When both transcription factors were injected into infarcted adult mouse hearts, the results surprised the scientists. The researchers discovered that cardiac myocytes multiplied rapidly within a day, and that over the next month hearts were repaired to near normal cardiac pumping function with little scarring.

An added benefit of using synthetic mRNA, is that it disappears in a few days as opposed to gene therapies delivered to cells by viral vectors. The use of viral vectors also raises several biosafety concerns, as they cannot be easily stopped once they are initiated. On the other hand, mRNA-based delivery turns over quickly and disappears.

No one has been able to do this to this extent before, and even though the experiments were on mouse heart cells, the researchers behind the finding believe that it could become a possible treatment for human heart patients in the future.

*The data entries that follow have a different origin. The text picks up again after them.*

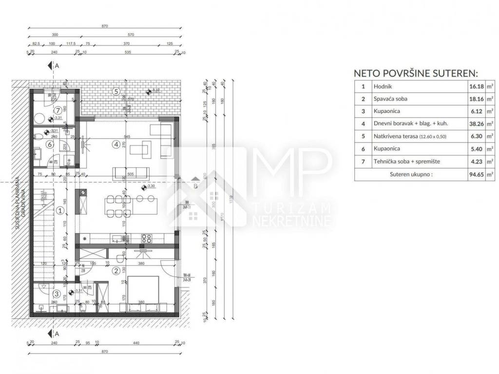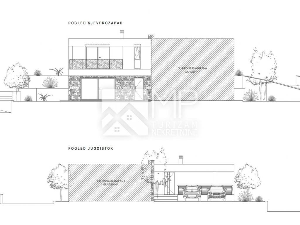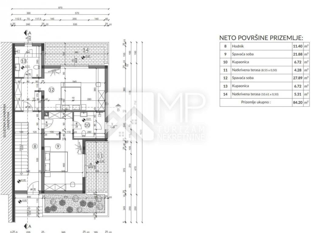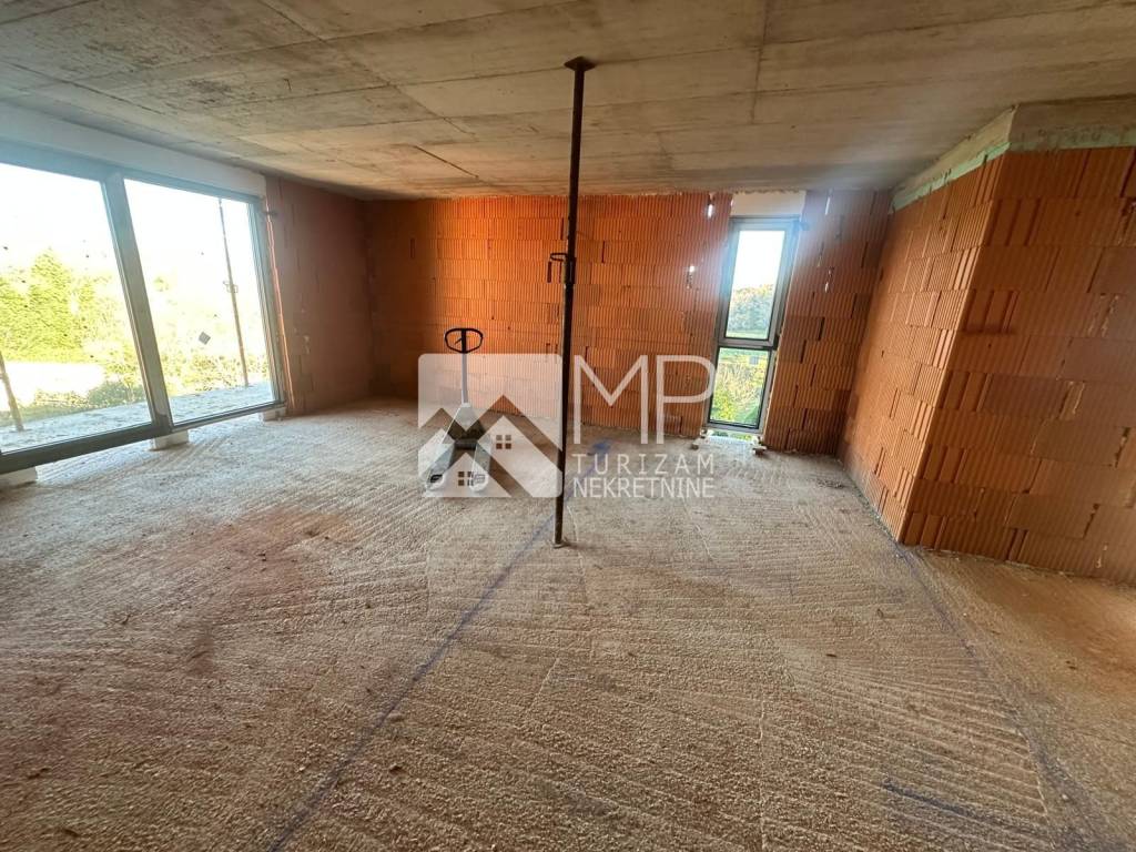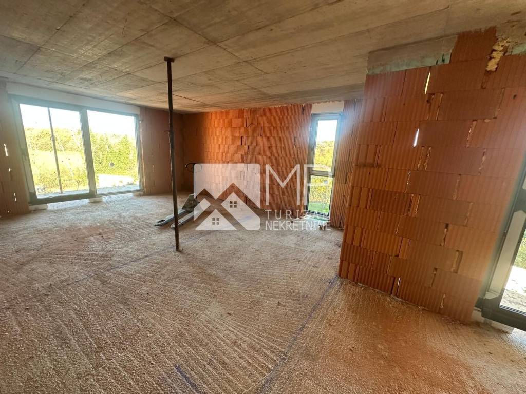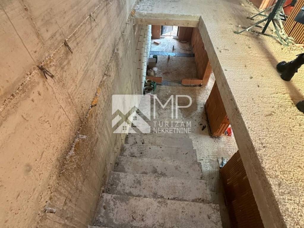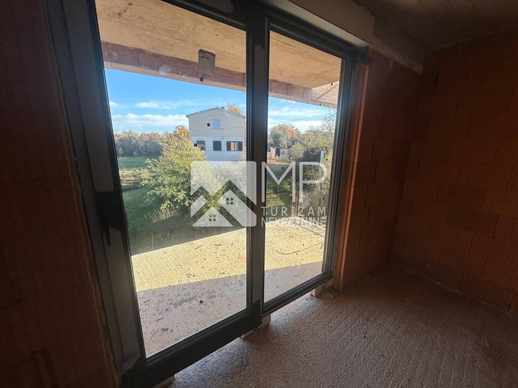 VALTURA, a small settlement in the municipality of Ližnjan, 6 km from Pula. In a quiet location, away from the hustle and bustle of the city, we are selling a family house marked "B" located on a plot of 400m2. It is a semi-detached house spread over two floors - basement and ground floor with a net area of 178.85 m2. In the basement there is a hallway, bedroom, bathroom, living room + kitchen + dining room, covered terrace, bathroom and technical room + storage room (94.65m2). On the upper floor, there is a hallway and two bedrooms - each with a bathroom and a covered terrace. Two parking spaces are provided in front of the house. Apart from the quiet location, the land is located on the edge of the construction zone and nothing can be built in front of it. The advertised price of €270,000 refers to the house in its current phase - finished roof, built-in joinery, built partitions and concreted pool. An agreement on the completion of the house is possible. 1/1 ownership, no encumbrances. The distance from the town center, restaurants and shops is 900m. Distance to Pula Airport 3.7 km. Distance from the sea is 6 km.
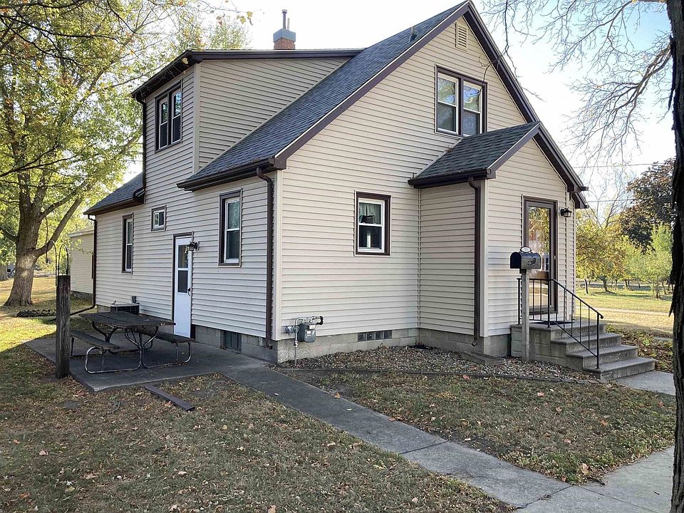 Why rent? This is a nicely maintained solid home at a very affordable price on a quiet street. Large lot adjacent to a vacant lot owned by the city. 3 bedrooms (2 non-conforming), 1 1/4 baths, a 3 stall garage and bonus building for a man/she cave, workshop, additional garage stall, or even a rental. Newer siding, shingles, and deck/patio. Near park, pool, and bowling alley. Owners lived in the small house while main house was built. Kitchen appliances, washer and dryer, window treatments, water filtation, and water softener included. Right price range and right for you!
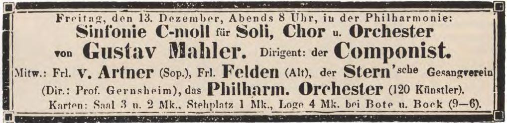 Artista desconocido (1895). Recorte de diario, anuncio estreno "Sinfonía nº2". Mahler foundation. Recuperado de: https://mahlerfoundation.org/wp-content/uploads/2016/03/13-12-1895.JPG

The findings are especially important because less than 1 percent of adult cardiac muscle cells can regenerate. Most people die with most of the same cardiomyocytes they had in the first month of life. When there is a heart attack and heart muscle cells die, the contracting ability of the heart is lost.

The new discovery that heart muscle cells could be coaxed back to repair or regenerate the damaged heart cells could in future lead to major improvements in the treatment of heart diseases.